Functional factor XIII-A is exposed on the stimulated platelet surface.

Factor XIII (FXIII) stabilizes thrombi against fibrinolysis by cross-linking α2-antiplasmin (α2AP) to fibrin. Cellular FXIII (FXIII-A) is abundant in platelets, but the extracellular functions of this pool are unclear because it is not released by classical secretion mechanisms. We examined the function of platelet FXIII-A using Chandler model thrombi formed from FXIII-depleted plasma. Platelets stabilized FXIII-depleted thrombi in a transglutaminase-dependent manner. FXIII-A activity on activated platelets was unstable and was rapidly lost over 1 hour. Inhibiting platelet activation abrogated the ability of platelets to stabilize thrombi. Incorporating a neutralizing antibody to α2AP into FXIII-depleted thrombi revealed that the stabilizing effect of platelet FXIII-A on lysis was α2AP dependent. Platelet FXIII-A activity and antigen were associated with the cytoplasm and membrane fraction of unstimulated platelets, and these fractions were functional in stabilizing FXIII-depleted thrombi against lysis. Fluorescence confocal microscopy and flow cytometry revealed exposure of FXIII-A on activated membranes, with maximal signal detected with thrombin and collagen stimulation. FXIII-A was evident in protruding caps on the surface of phosphatidylserine-positive platelets. Our data show a functional role for platelet FXIII-A through exposure on the activated platelet membrane where it exerts antifibrinolytic function by cross-linking α2AP to fibrin.

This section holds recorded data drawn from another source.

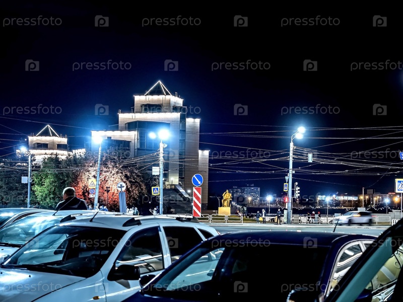 Ночной город осенью в центре, возле оперного театра, Челябинск, Южный Урал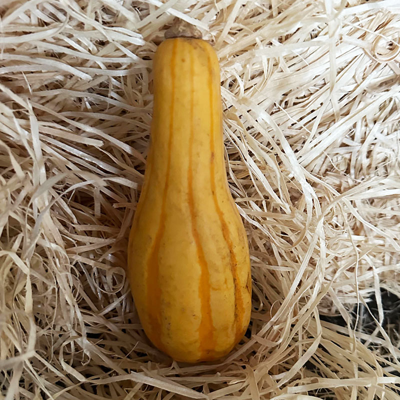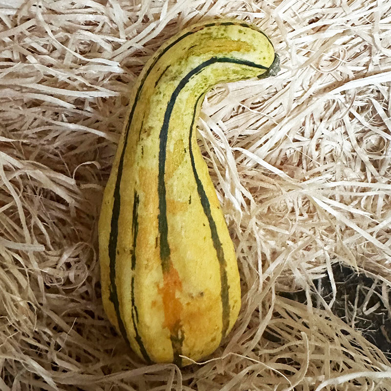 Štíhle tekvičky v tvare hrušky a jemne prehnuté „hadíky“ sú ideálne na dotiahnutie jesenných aranžmánov. Ich dlhá, elegantná silueta vytvára pekný kontrast k guľatým tekviciam a v okamihu pridá kompozícii rytmus. Dostaneš prirodzený mix odtieňov – žlté, smotanové až žlto-zelené kusy so zvislými pruhmi či jemným škvrnením. Každý plod je jedinečný prírodný originál a spolu pôsobia hravo, no stále vkusne.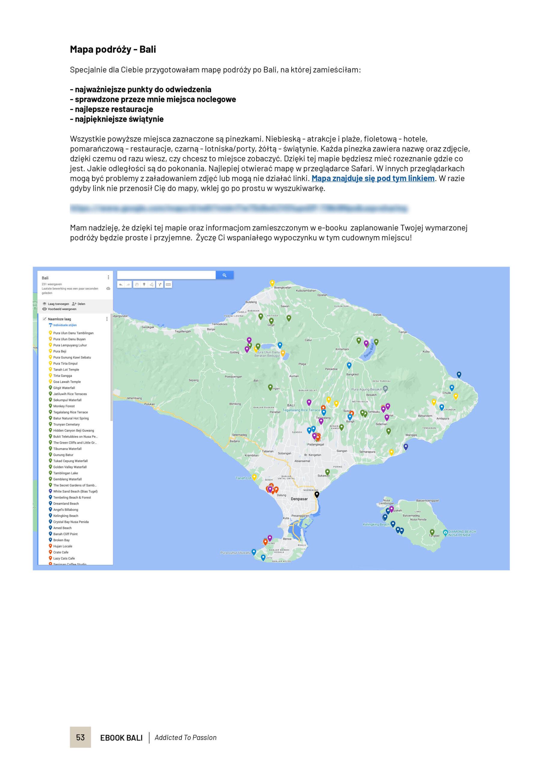 Ebook Bali – Plan Podróży & Mapa! Planujesz swoją podróż na Bali? Nie masz czasu na czytanie przewodników oraz przeglądanie dziesiątek blogów? Zrobiliśmy to za Ciebie! W tym e-booku znajdziesz nasz plan podróży oraz mapę wszystkich najpiękniejszych miejsc. Najpiękniejsze świątynie oraz tarasy ryżowe, najlepsze restauracje, wspaniałe przeżycia, przyjemne noclegi, ceny, oraz wiele innych przydatnych wskazówek, które pozwolą Ci samodzielnie zorganizować podróż marzeń!

The antifibrinolytic function of factor XIII is exclusively expressed through α2-antiplasmin cross-linking.

Factor XIII (FXIII) generates fibrin-fibrin and fibrin-inhibitor cross-links. Our flow model, which is sensitive to cross-linking, was used to assess the effects of FXIII and the fibrinolytic inhibitor, α2-antiplasmin (α2AP) on fibrinolysis. Plasma model thrombi formed from FXIII or α2AP depleted plasma lysed at strikingly similar rates, 9-fold faster than pooled normal plasma (PNP). In contrast, no change was observed on depletion of PAI-1 or thrombin activatable fibrinolysis inhibitor (TAFI). Inhibition of FXIII did not further enhance lysis of α2AP depleted thrombi. Addition of PNP to FXIII or α2AP depleted plasmas normalized lysis. Lysis rate was strongly inversely correlated with total cross-linked α2AP in plasma thrombi. Reconstitution of FXIII into depleted plasma stabilized plasma thrombi and normalized γ-dimers and α-polymers formation. However, the presence of a neutralizing antibody to α2AP abolished this stabilization. Our data show that the antifibrinolytic function of FXIII is independent of fibrin-fibrin cross-linking and is expressed exclusively through α2AP.